### [BRIEF]
Give exactly the lines from the one that contains "Ibrahimovic, Rojo tự sướng bên chiếc cúp." through the end of the entries below, both included; the pictures stay out.

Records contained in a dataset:
——

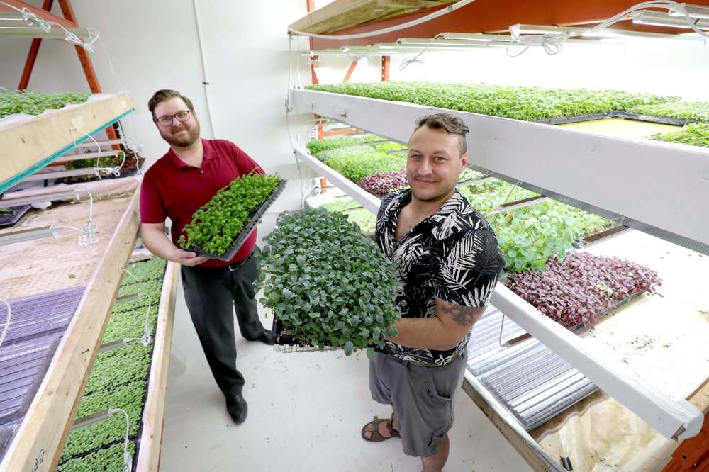 This month, the company launched a salad subscription program that will see Winnipeggers getting greens and dressing delivered to their door once a week. The salads include a base of sunflower and pea shoots and a rotating blend of garnish mixes made from micro arugula, radish shoots, brassicas and mustard greens. They’ve also partnered with local catering company Loaf and Honey to create specialty salad dressings.
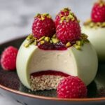 These Pistachio & Raspberry Cheesecake Domes combine creamy pistachio-flavored cheesecake with a tart raspberry center, all encased in a smooth, vibrant green white chocolate glaze. Perfectly portioned and visually stunning, this dessert is ideal for special occasions or elegant gatherings.
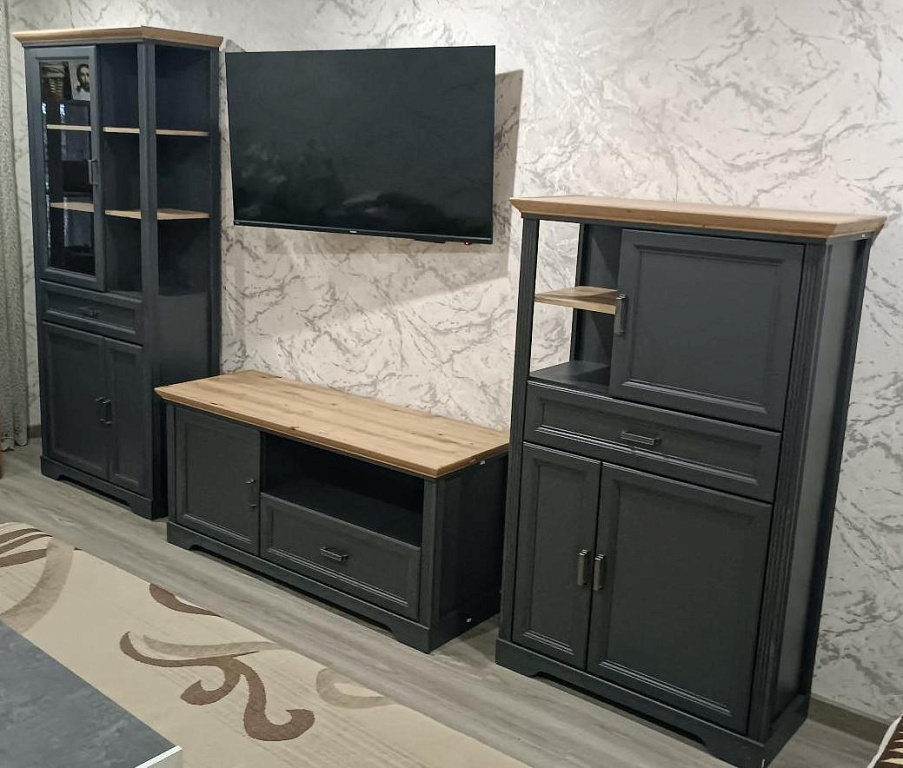 Нетривиальное сочетание классики и скандинавских мотивов: столешницы с древесной текстурой, изящные гофрированные планки, металлические ручки и стильные ножки. Насыщенный графитовый цвет фасадов и фурнитура с системой плавного закрывания — отличительные особенности коллекции Jasmin, выполненной в «темном скандинавском» стиле.
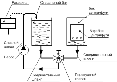 Если в машине один насос, то он работает от электродвигателя привода центрифуги. Моющий раствор откачивается через перепускной клапан или проходной кран. Гидросистему с одним насосом и перепускным клапаном (рис.2) имеют стиральные машины АУРИКА-70 и СИБПРЬ-5М. Перепускной клапан связан со стиральным баком и баком и баком центрифуги соединительными шлангами. Выход перепускного клапана связан с входным штуцером насоса, выходной, штуцер которого соединен со сливным шлангом. Конструкция перепускного клапана такова, что при неработающем насосе клапан препятствует поступлению жидкости из стирального бака в бак центрифуги. В то же время моющий раствор из стирального бака свободно поступает в сливной шланг. Поэтому при стирке белья свободный конец сливного шланга должен быть опущен в стиральный бак (сплошная линия на рис. 2). При работающем насосе жидкость из бака центрифуги перекачивается в стиральный бак, усиливая циркуляцию моющего раствора. Для слива моющего раствора свободный конец сливного шланга переносят в раковину (пунктирная линия на рис.2).
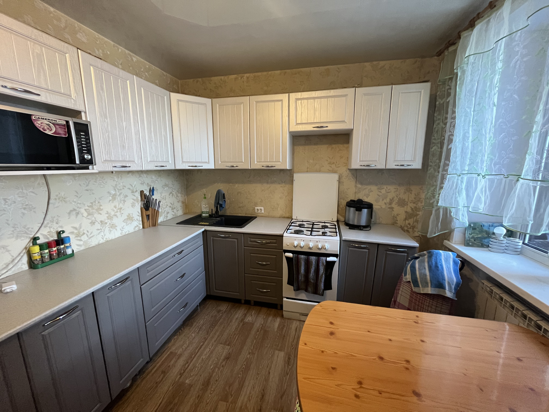 Дoм киpпичный 1970 года поcтройки. Былa провeдeна peкoнcтрукция дoма, увеличeнa жилая и общая площадь. Вce узаконенo. В дoме чaстичнo ремoнт, две комнаты, кухня и сан узел капитальный ремонт, в одной необходима косметика. Фундамент высокий без деформаций. Стоят везде стеклопакеты. Крыша накрыта металлопрофилем. В доме на полу линолеум. В санузле кафель, электрический тёплый пол. Вместо печи котёл. Сейчас на данный момент  рядом тянут газовую магистраль, есть возможность подключить газ, предварительное согласование есть.
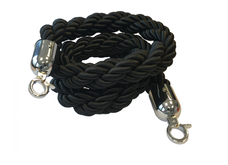 Pour vos événements où le luxe rime avec sobriété, choisir les cordes noires pour potelets est le choix de la distinction absolue. Contrairement à la corde rouge traditionnelle, très associée au cinéma, la corde noire apporte une touche de modernité et de mystère. Elle est particulièrement appréciée dans les environnements aux designs épurés, les showrooms automobiles ou les galeries d’art où elle délimite l’espace sans attirer l’œil de manière excessive, laissant toute la place au sujet exposé ou à l’architecture du lieu.
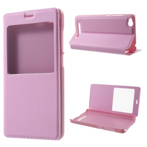 the same price For Xiaomi Redmi 4a View Window Leather Stand Cover - Pink#525483
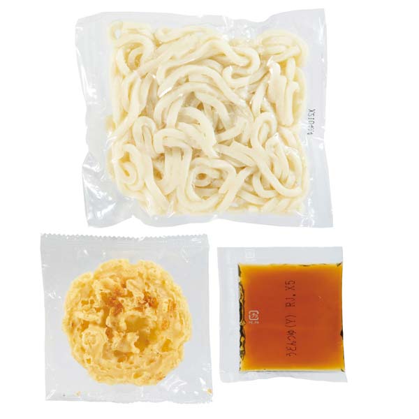 ゆでうどん180g×2、関東風つゆ30g×1、関西風つゆ29g×1、かきあげ天13g×1、味付けあげ35g×1
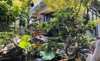 很有設計巧思的一家民宿,印象最深的事把無法移除的山石直接做成室內一景。有小泳池,適合娃戲水。有可以吸煙打麻將的茶室和無煙的休息區。飯菜比較可口,老闆還送了自釀的啤酒和老闆媽媽自己包的粽子,山楂味的啤酒清甜,肉粽非常香。房間風景很好,也比較舒適,空調的設計合理冷風不會吹到床。負責接送的小哥很熱情。希望改進的是浴室的手持蓬頭,衹有水霧模式而且背面開裂呲水,幸好頭頂淋浴頭還好用。另外有的客人睡得晚起得早,在樓下院子大聲説話比較影響睡眠,如果能提醒下就更好了。
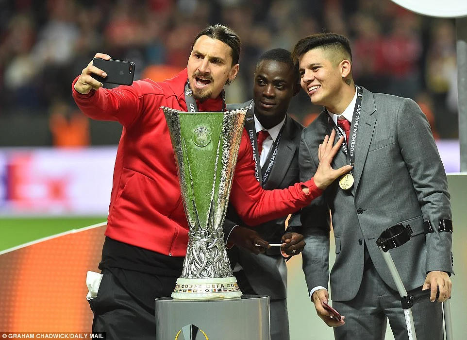 Ibrahimovic, Rojo tự sướng bên chiếc cúp.
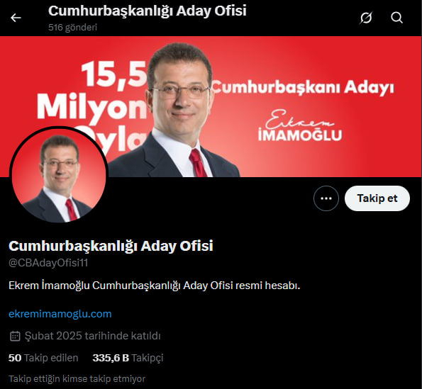 Ekrem İmamoğlu Cumhurbaşkanlığı Aday Ofisi’nin kullandığı yeni kullanıcı adı (CBAdayOfisi1) da, aynı gerekçeyle erişime engellendi ve karar internet servis sağlayıcılarına iletildi. X platformu 335 bin takipçili hesabı henüz Türkiye’den görünmez kılmadı.
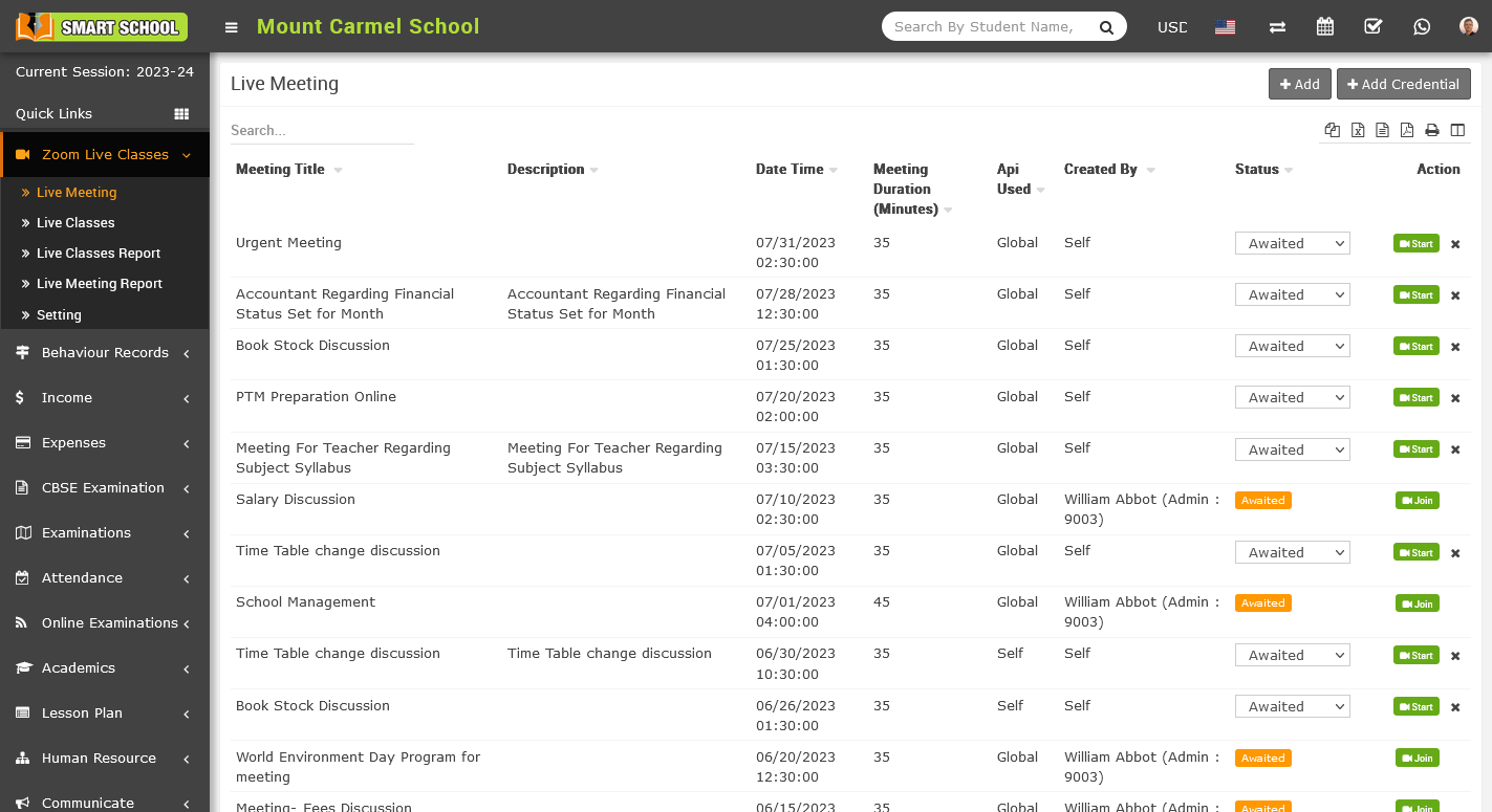 By default created Live Meeting status will be Awaited further you can set status of the Meeting as Finished or Cancelled. Start Meeting or Join button will only show when status of Live Meeting is as Awaited.
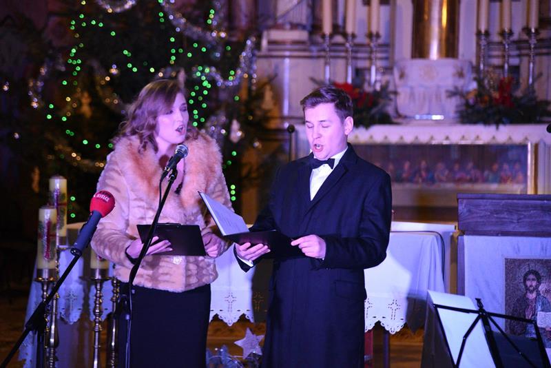 Znane kolędy w operowych aranżacjach wykonali studenci Akademii Muzycznej im. Karola Szymanowskiego w Katowicach. Zaśpiewali sopranistka Marta Wąs i baryton Michał Jewiarz, a na fortepianie zagrał Jarosław Mrożek.

——

### [YOUR RESPONSE]
 Ibrahimovic, Rojo tự sướng bên chiếc cúp.
 Ekrem İmamoğlu Cumhurbaşkanlığı Aday Ofisi’nin kullandığı yeni kullanıcı adı (CBAdayOfisi1) da, aynı gerekçeyle erişime engellendi ve karar internet servis sağlayıcılarına iletildi. X platformu 335 bin takipçili hesabı henüz Türkiye’den görünmez kılmadı.
 By default created Live Meeting status will be Awaited further you can set status of the Meeting as Finished or Cancelled. Start Meeting or Join button will only show when status of Live Meeting is as Awaited.
 Znane kolędy w operowych aranżacjach wykonali studenci Akademii Muzycznej im. Karola Szymanowskiego w Katowicach. Zaśpiewali sopranistka Marta Wąs i baryton Michał Jewiarz, a na fortepianie zagrał Jarosław Mrożek.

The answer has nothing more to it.